I've cracked a poorly designed bike lock in a couple of minutes before now where it had 3 levers with 12 positions each. You'd expect 12^3 combinations but because it used levers you could set the first two and flick the last lever to test 12 combinations at once, so you could actually try all the combinations in 144 attempts and about 3 minutes.

hzk17 said:

One Transistor Code Lock, Description: This is of course the simplest electronic code lock circuit one can make. The circuit uses one transistor, a relay and few passive components. The simplicity does not have any influence on the performance and this circuit works really fine.
The circuit is nothing but a simple transistor switch with a relay at its collector as load. Five switches (S0 to S4) arranged in series with the current limiting resistor R2 is connected across the base of the transistor and positive supply rail. Another five switches (S5 to S9) arranged in parallel is connected across the base of the transistor and ground. The transistor Q1 will be ON and relay will be activated only if all the switches S0 to S4 are ON and S5 to S9 are OFF. Arrange these switches in a shuffled manner on the panel and that it. The relay will be ON only if the switches S0 to S9 are either OFF or ON in the correct combination. The device to be controlled using the lock circuit can be connected through the relay terminals. Transformer T1, bridge D1, capacitor C1 forms the power supply section of the circuit. Diode D2 is a freewheeling diode. Resistor R1 ensures that the transistor Q1 is OFF when there is no connection between its base and positive supply rail.

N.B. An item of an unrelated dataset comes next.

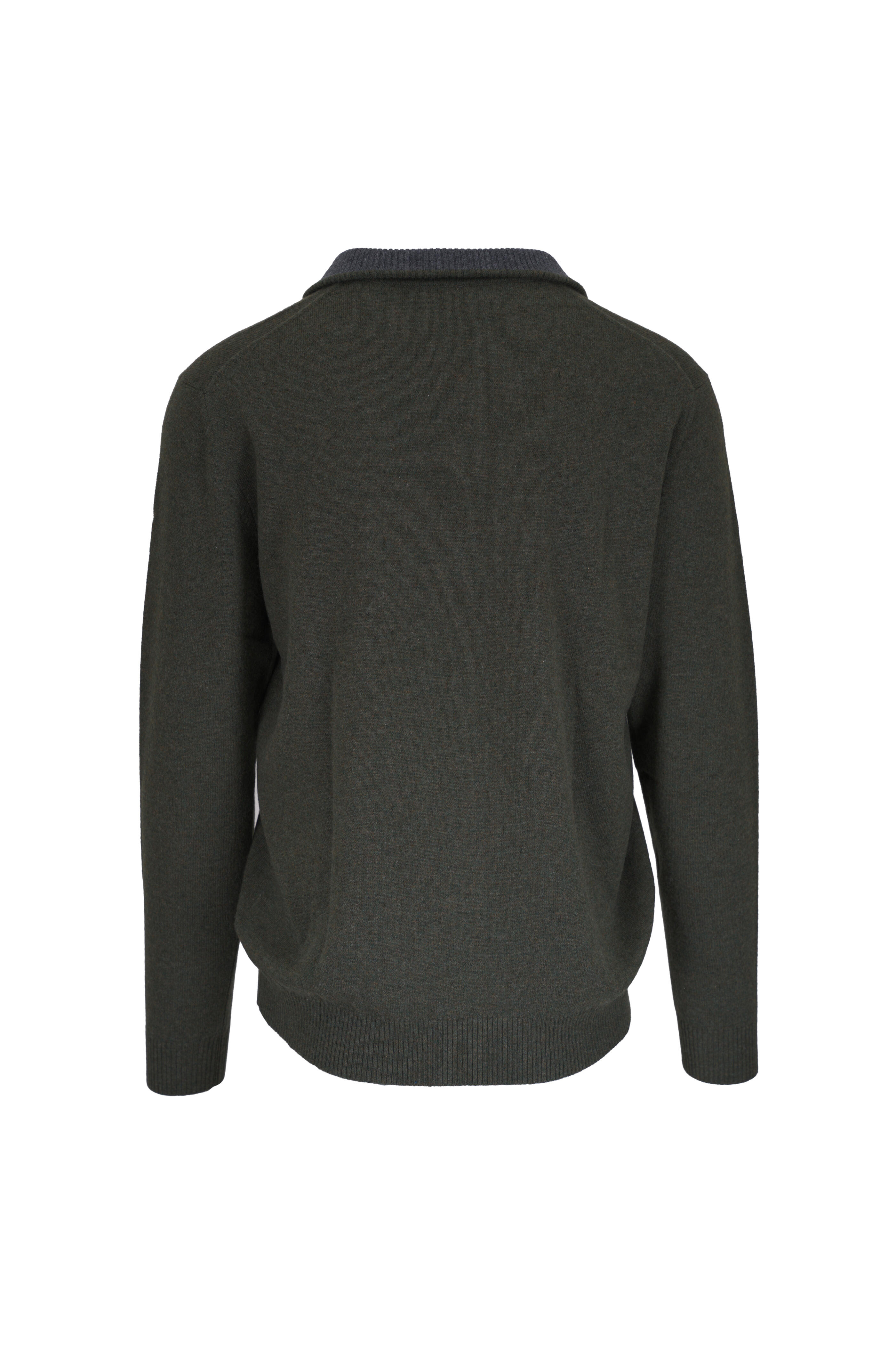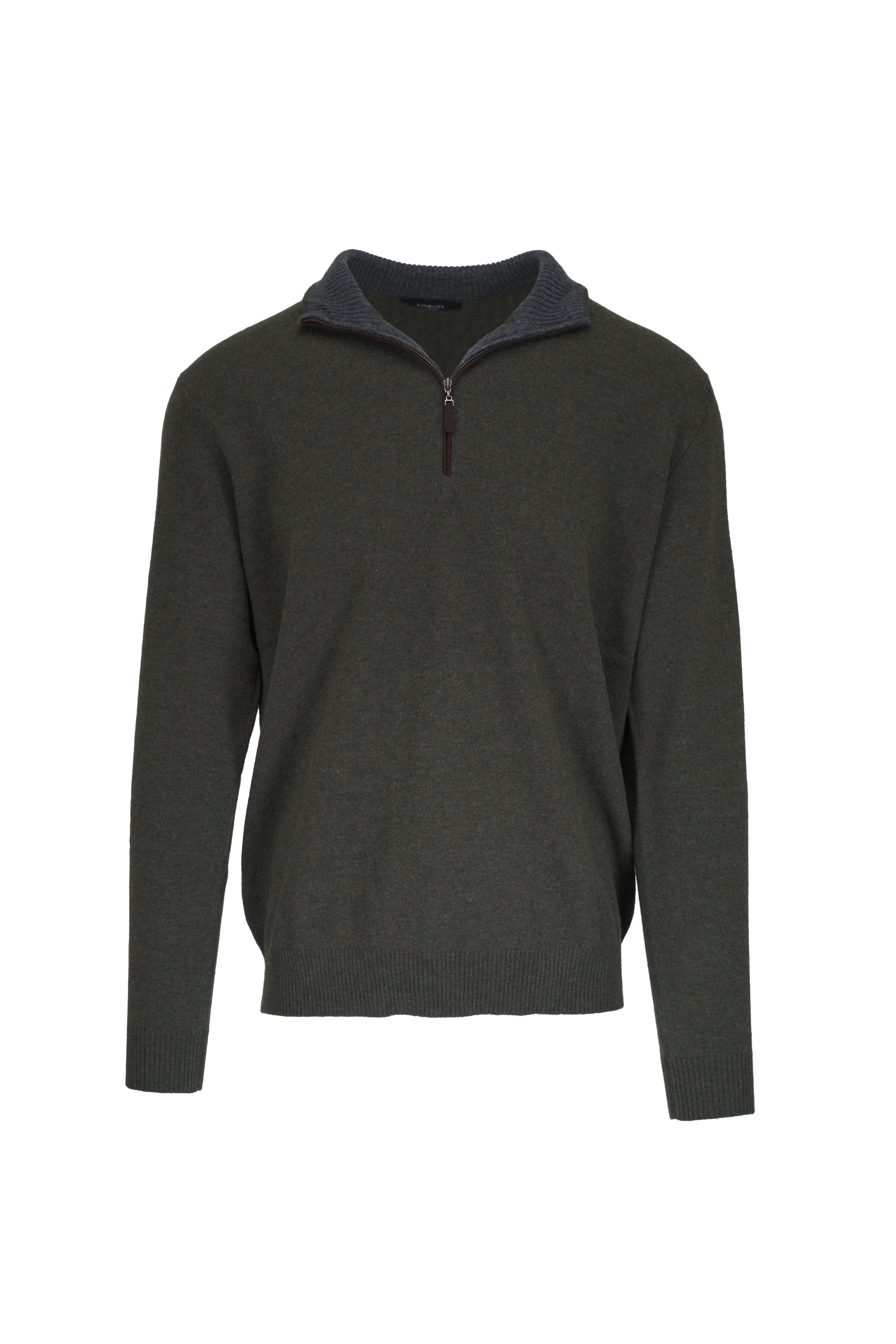 • Kinross - Olive Cashmere Quarter-Zip Pullover
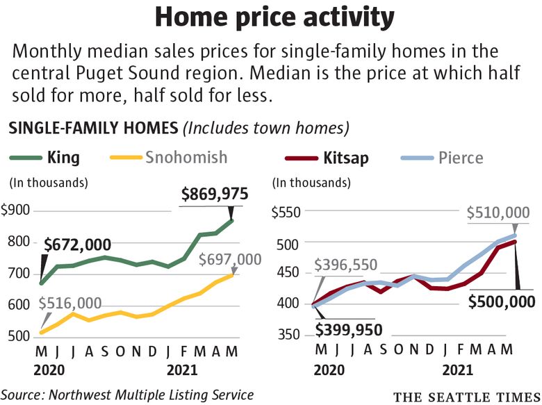 The median was $697,000 in Snohomish County (up 35%), $510,000 in Pierce County (up 29%) and $500,000 in Kitsap County (up 25%).

I have almost made it three times and yet i dont know what the hell is wrong.
*Important, I am using a DPDT Relay 5V, and the Supply being given by me is about 9V

Please give me your kind suggestion, tips.

Click to expand...

So what is going wrong then ?

joeyd999 said:

Further, why even use a transistor? You could just series a bank of N.O. and N.C. switches with the relay coil. Much simpler, don't you think?

Click to expand...

SgtWookie said:

That would also be more simple for someone to figure out how it works; thus what the combination is.

Click to expand...

Please elaborate. Why is a simple switch/relay configuration simpler to hack than the transistor solution?